The third largest economy in the region, has been struggling to jump start a dormant tourism industry by marketing its wildlife internationally, but from the ATA discussions, the country was advised that it would be difficult to sell Uganda as a Wildlife Safari destination since the neighboring countries of Kenya, Tanzania and Rwanda already have an edge in that.
“It is these … things that will connect with Africans,” The Observer quoted Ikechi Uko, the organizer of Akwaaba African Travel Market in Lagos, Nigeria saying.
“There is no African who hasn’t heard of Idi Amin. In the same way as Africans go to South Africa to see [Nelson] Mandela and the Apartheid, they will come here [Uganda] to see Amin. You should put up a museum and monuments for Amin.”

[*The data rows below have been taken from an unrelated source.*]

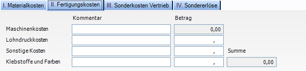 = Manuelle Eingaben im Fenster Nachkalkulation auf der Registerkarte II. Fertigungskosten (z.B. Lohndruckkosten, Sonstige Kosten, Klebstoffe und Farben)
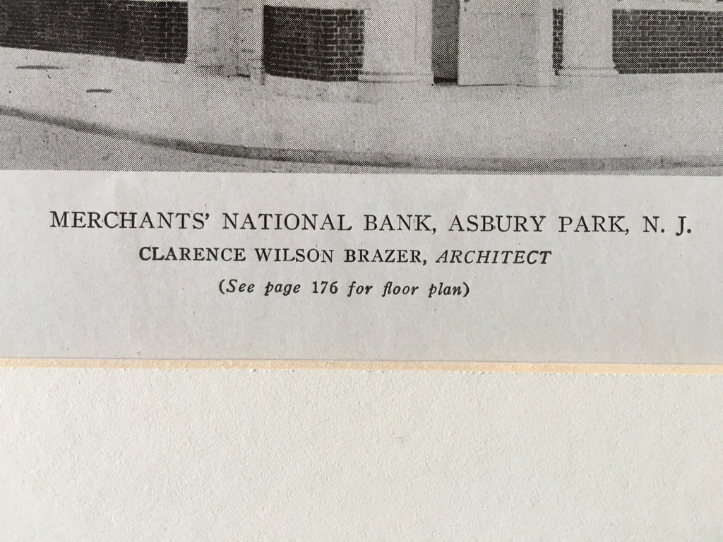 Merchants' National Bank, Asbury Park, NJ, 1919, Lithograph. C.W. Brazer
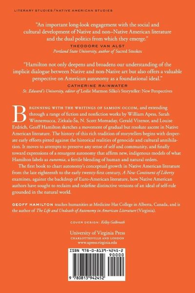 The first book to chart autonomy's conceptual growth in Native American literature from the late eighteenth to the early twenty-first century, A New Continent of Liberty examines, against the backdrop of Euro-American literature, how Native American authors have sought to reclaim and redefine distinctive versions of an ideal of self-rule grounded in the natural world. Beginning with the writings of Samson Occom, and extending through a range of fiction and nonfiction works by William Apess, Sarah Winnemucca, Zitkala-Sa, N. Scott Momaday, Gerald Vizenor, and Louise Erdrich, Geoff Hamilton sketches a movement of gradual but resolute ascent: from often desperate early efforts, pitted against the historical realities of genocide and cultural annihilation, to preserve any sense of self and community, toward expressions of a resurgent autonomy that affirm new, iIndigenous models of eunomia, a fertile blending of human and natural orders.
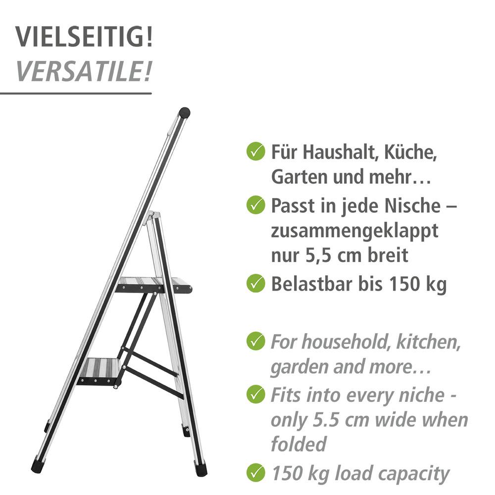 WENKO Alu-Design Klapptrittleiter 2-stufig Silber
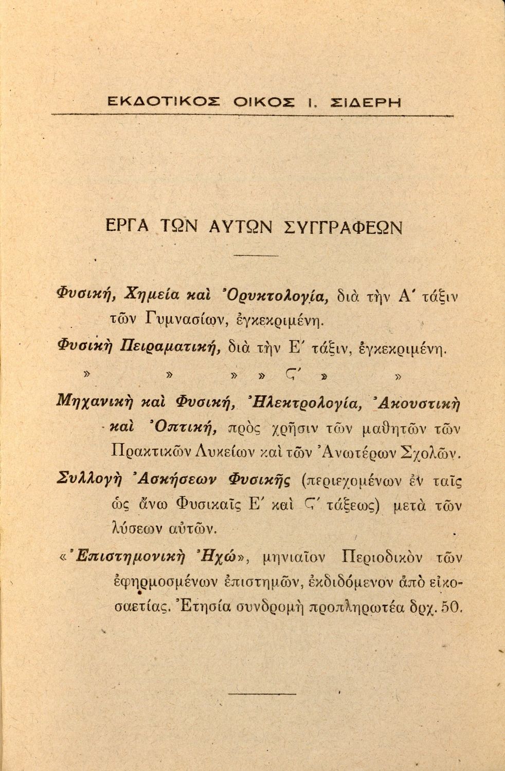 Τίτλος: Στοιχεία χημείας διά την Ε΄ και ΣΤ΄ τάξιν των Γυμνασίων και τας αντιστοίχους τάξεις των λοιπών της Μέσης Εκπαιδεύσεως
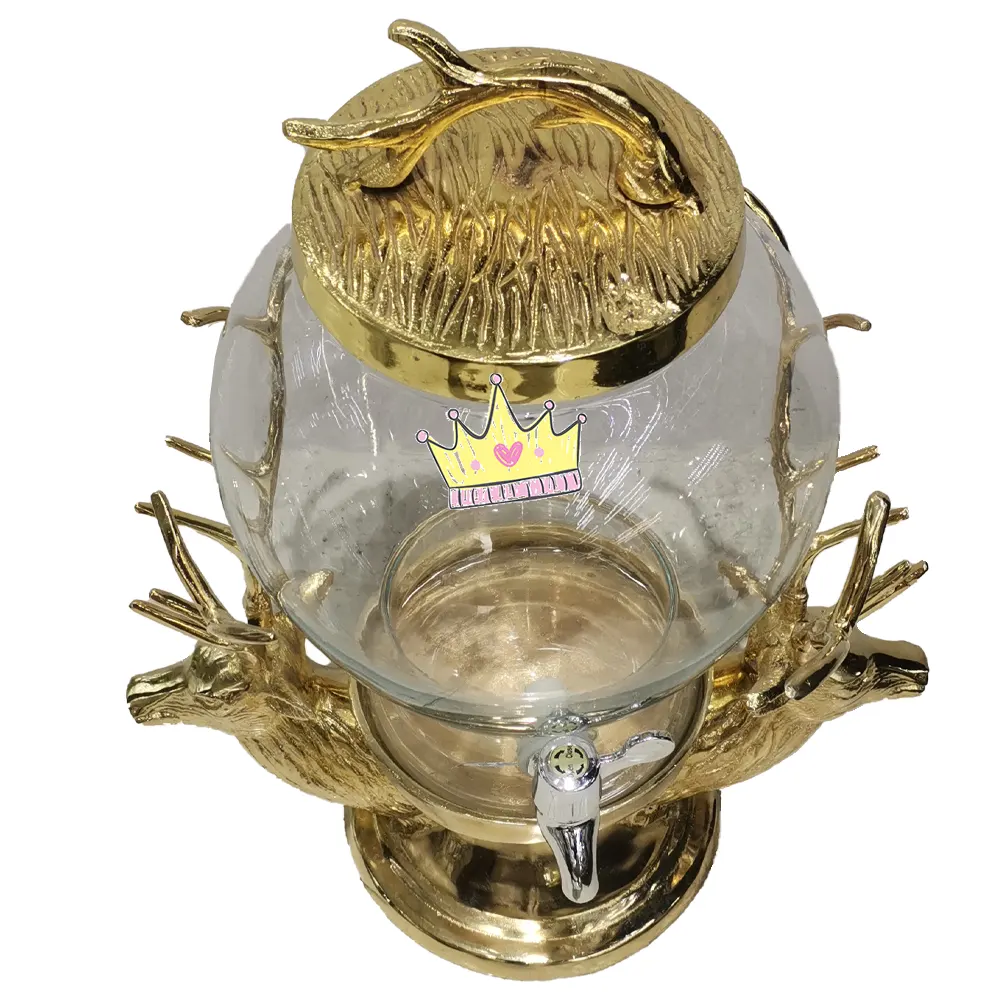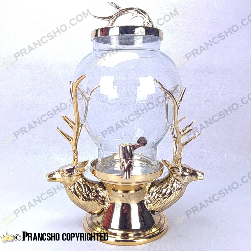 کلمن شیشهای با پایه دو گوزن آلومینیومی طلایی براق ضد اسید
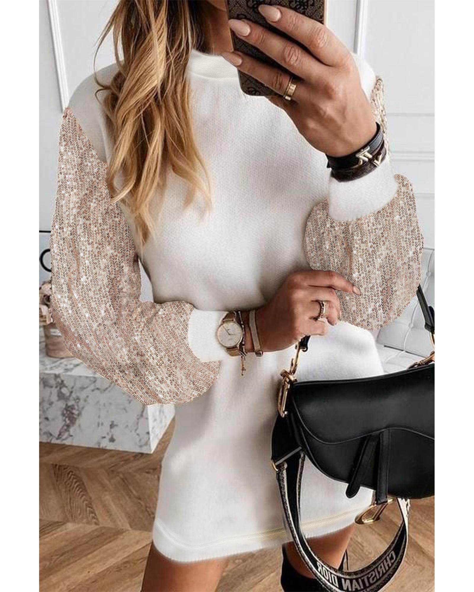 White Sequin Puff Sleeve Shift Mini Dress – XL
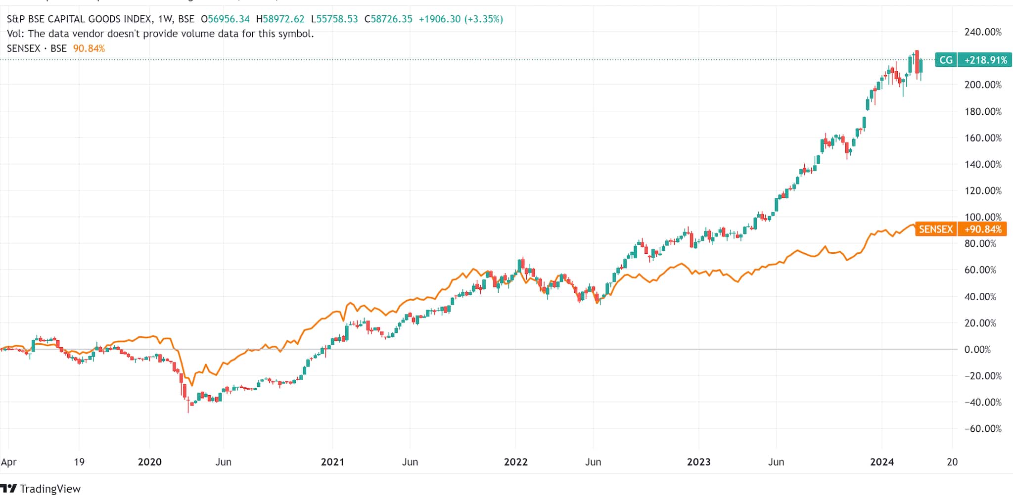 The chart below explains the outperformance of BSE Capital Goods Index over BSE Sensex in the previous five years. The BSE Capital Goods index has delivered almost double the returns of the BSE Sensex in this period.
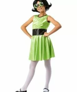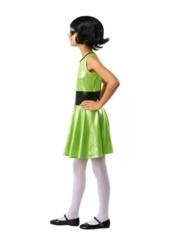 Inspired by the iconic tough-girl Buttercup, this officially licensed costume comes with everything your child needs to fight crime in the City of Townsville! The outfit starts with a bright green dress, just like the one seen in the cartoon series. The sleeveless style helps make this dress comfy, and easy to wear for any young fan. The waist has an elastic band in the waist to help provide a comfortable fit, and the black band around the waist.
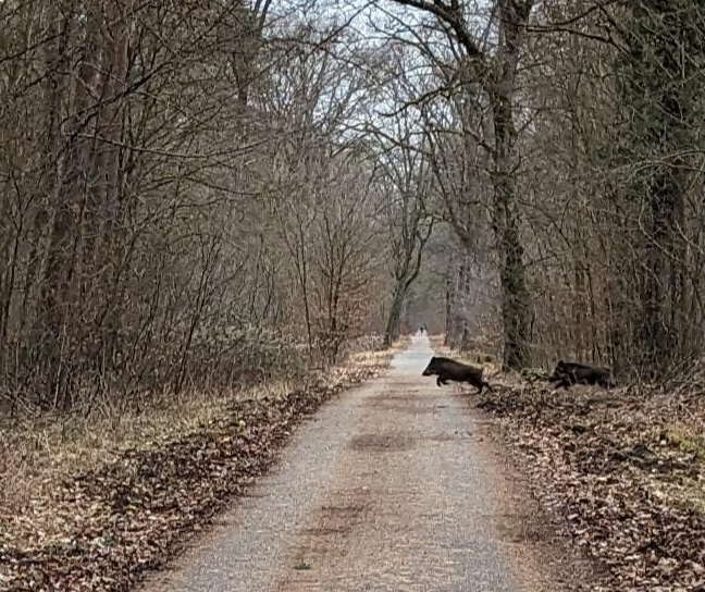 Bis ich das Handy startklar hatte waren die beiden alten Wildschweine schon nach links weg. Im Bild zu sehen sind Nrr. 3 und 4 von den Jungen.
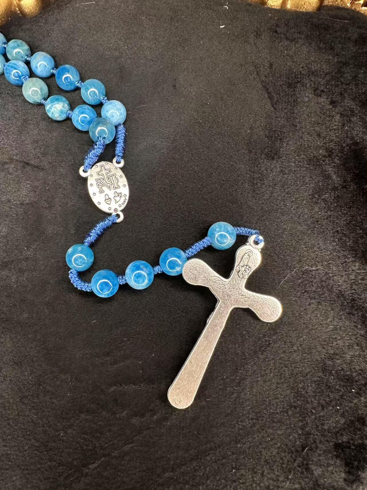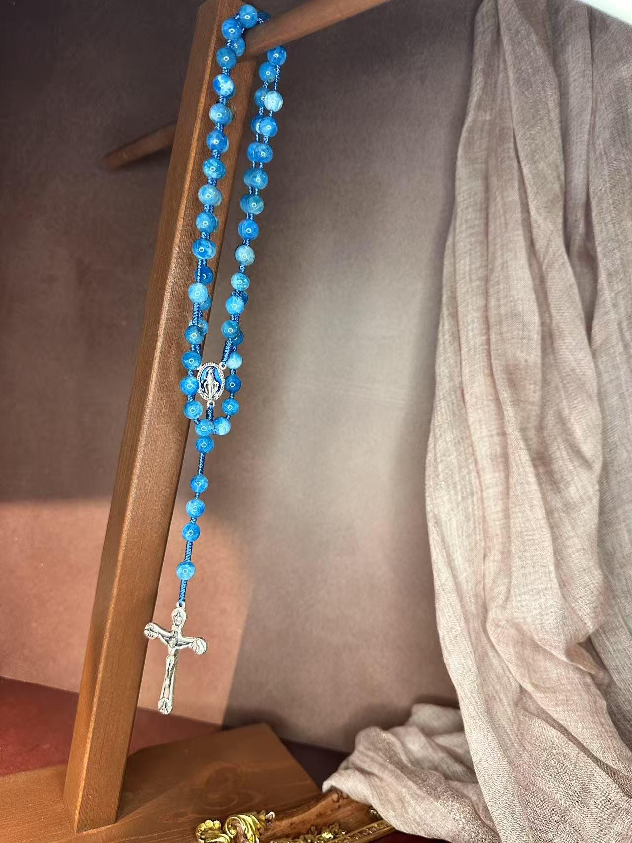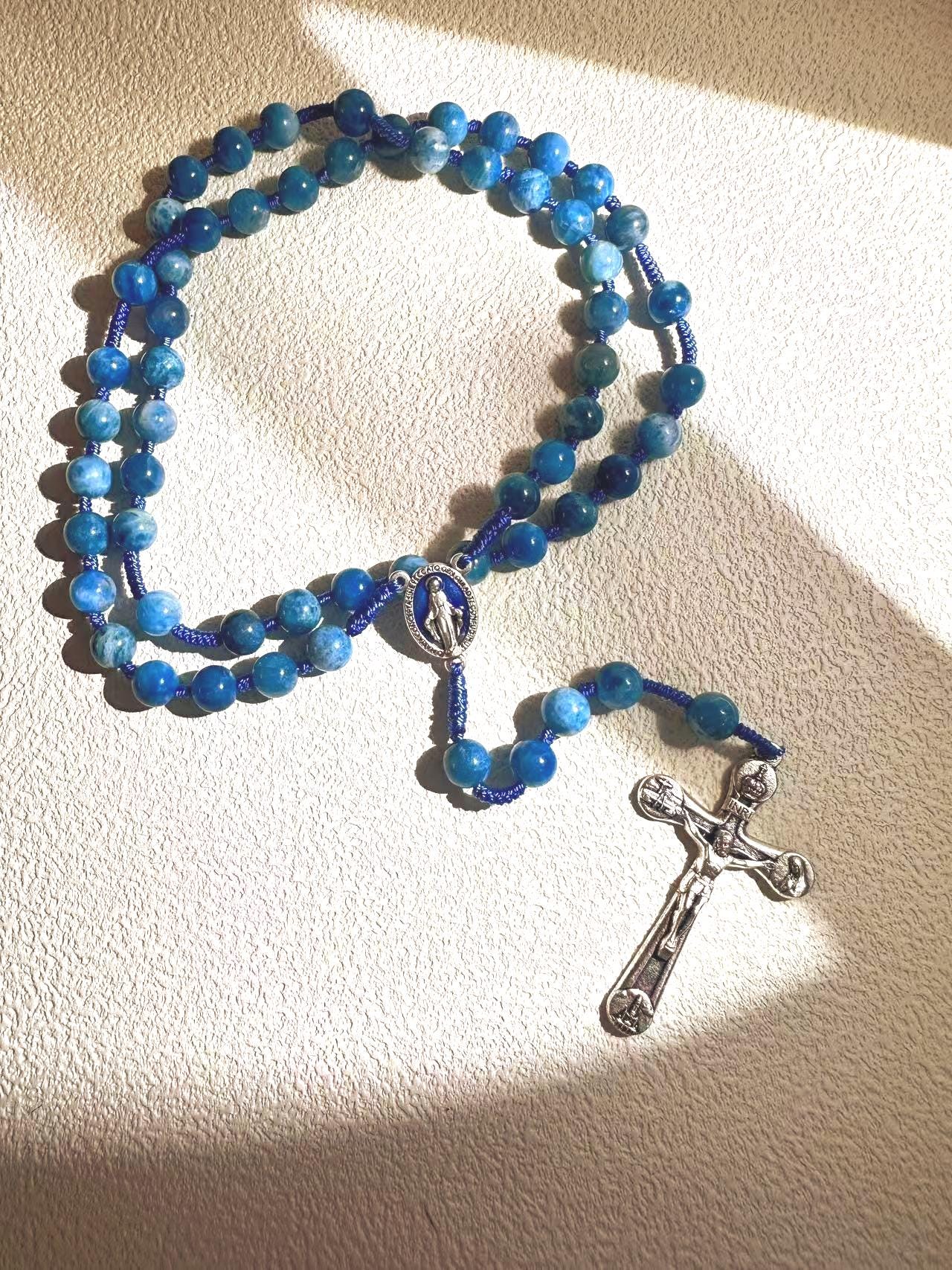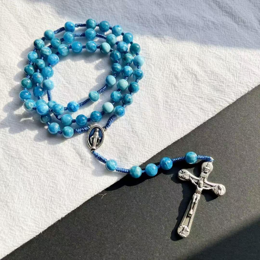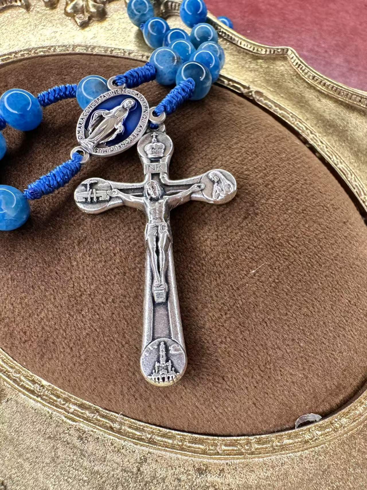 Marian Blue Gemstone Hand-Knotted Rosary, Catholic Christmas Gift (Add Pouch – see description)
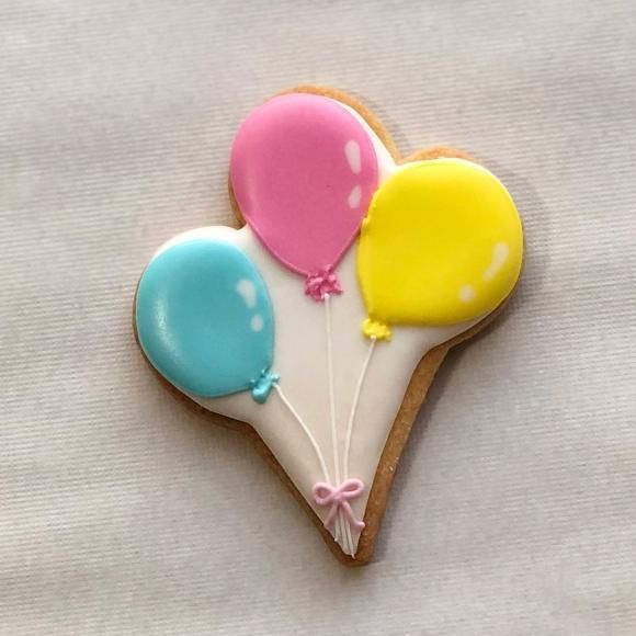 カラフルな風船が3つ並んだアイシングクッキーです。
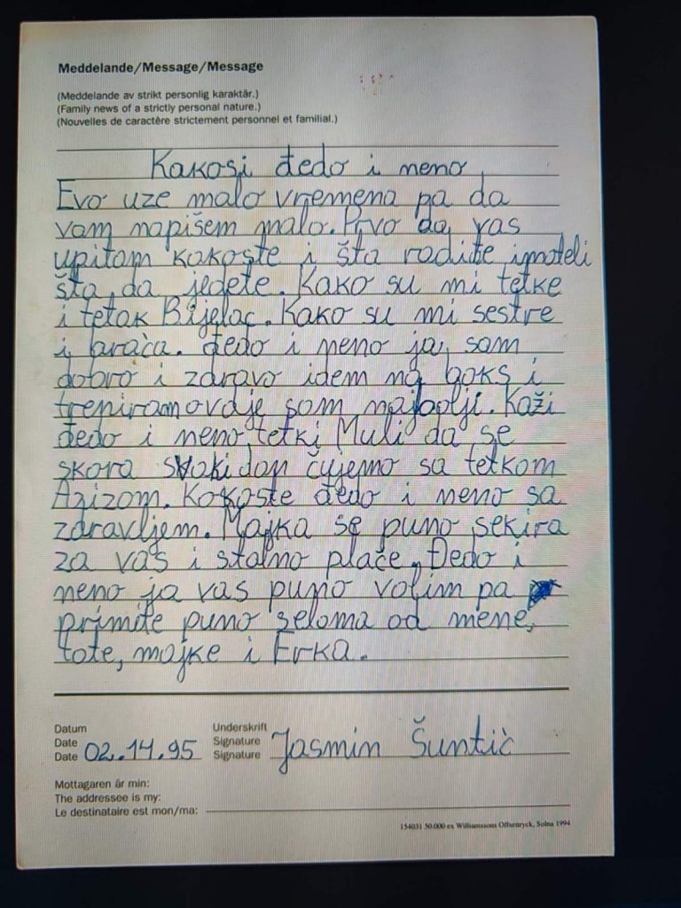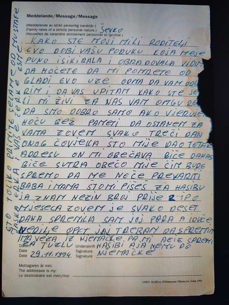 ▪︎ Pismo iz Švedske poslano porodici Hasanović u Srebrenici tokom opsade 29.11.1994. godine. (Slika 3 i 4)
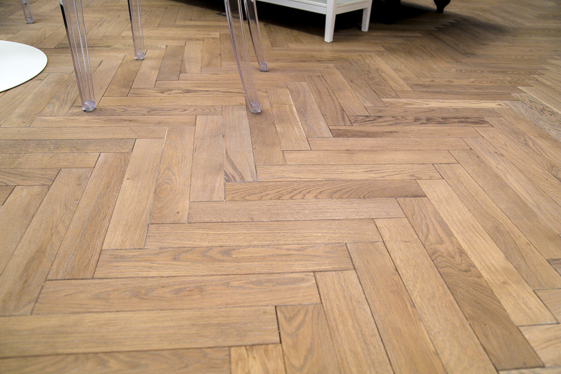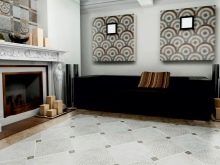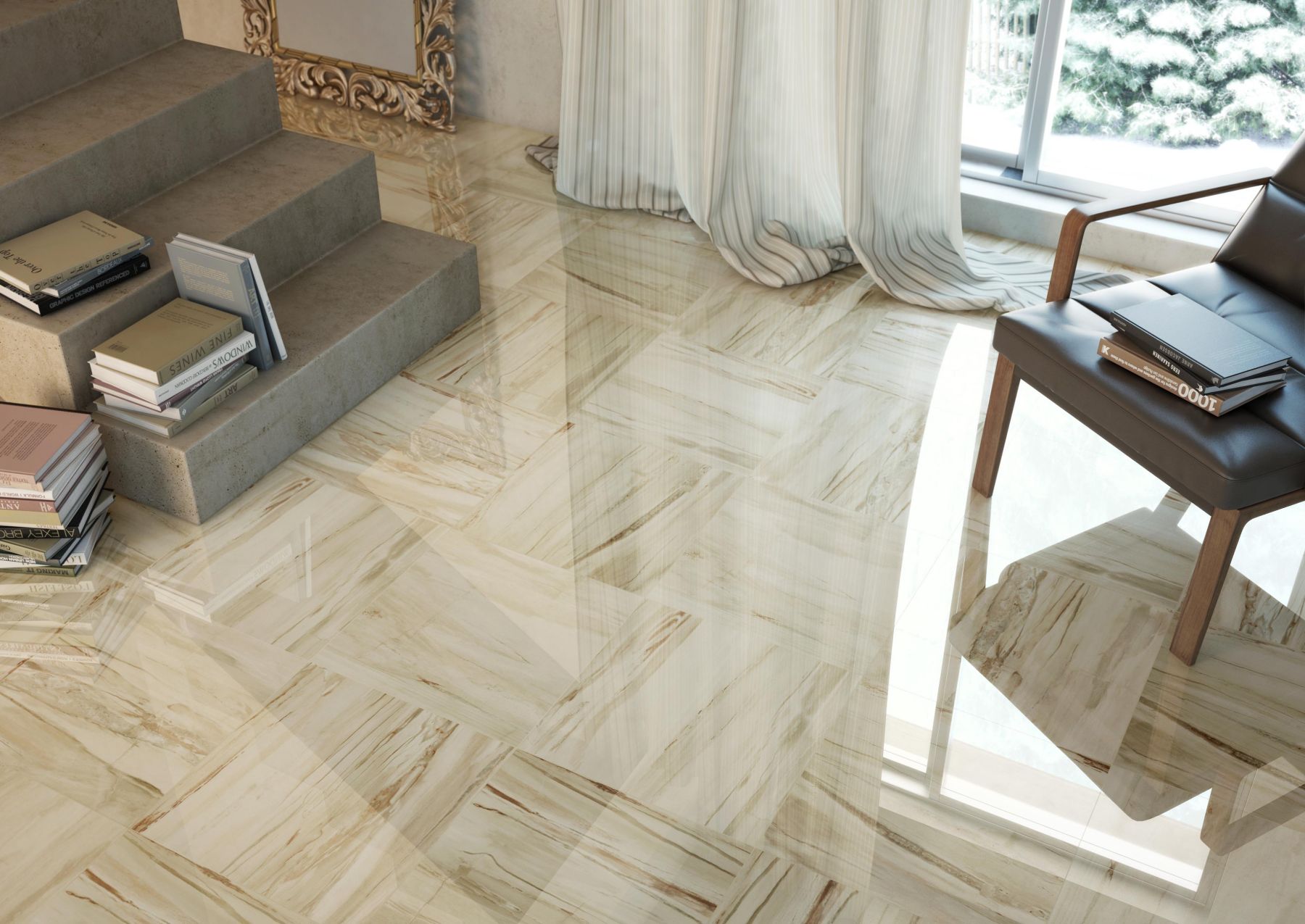 - À chevrons. La tuile de porcelaine est posée sous forme de plancher.

Idi Amin Dada, who became known as the ‘Butcher of Uganda’ for his brutal, despotic rule whilst president of Uganda in the 1970s, is possibly the most notorious of all Africa’s post-independence dictators.
Amin seized power in a military coup in 1971 and ruled over Uganda for 8 years. Estimates for the number of his opponents who were either killed, tortured, or imprisoned vary from 100,000 to half a million. He was ousted in 1979 by Ugandan nationalists, after which he fled into exile. He died in Saudi Arabia in 2003.
For the Uganda martyrs, tourism players project that if they are well marketed, they have the potential to turn Uganda into the number one sacred destination for faith-based tourists.
Every June 3, hundreds of pilgrims throng Namugongo to pay tribute to the Uganda martyrs who died between November 1885 and January 1887. While many more were executed across, Buganda and Busoga, those that died at Namugongo remain the face of the group, as their predicament was well documented by the French White Fathers, including Fr Simeon Lourdel.
The Observer quoted Eric Ntalo, the ATA youth chapter coordinator for Uganda, saying the Uganda martyrs are the icing on the cake that can attract religious tourists. He says Uganda has the smallest church in the world, Bethel church, in Nebbi, which seats a maximum of three people.
The country has the second largest mosque on the continent, the Old Kampala mosque whose construction was financed by former Libyan leader Muammar Gaddafi, and the biggest church in East Africa, Pastor Imelda Namutebi’s Liberty worship centre, a 15,000 seater.
In addition, Uganda has the only Bahai temple in Africa, and the black Jews (Abayudaya) in Mbale.
“Faith-based tourism is gaining momentum worldwide. There is a need to draw strategies for faith-based countries such as Italy, Israel, Morocco and Nigeria, among others,” Ntalo noted.
Uko said Nigeria has 30 million Catholics, while 60 per cent of Brazil’s 300 million people are Catholics.
“If Uganda can get attract a million people from Nigeria and a million from Brazil, plus other countries, it is enough to drive business here,” Uko said.
According to Uganda’s 2013/14 tourism sector annual performance report, the visitor arrivals grew to 1,206,334 in 2013 from 1,196,000 in 2012, but most of them were in the country to visit friends and relatives.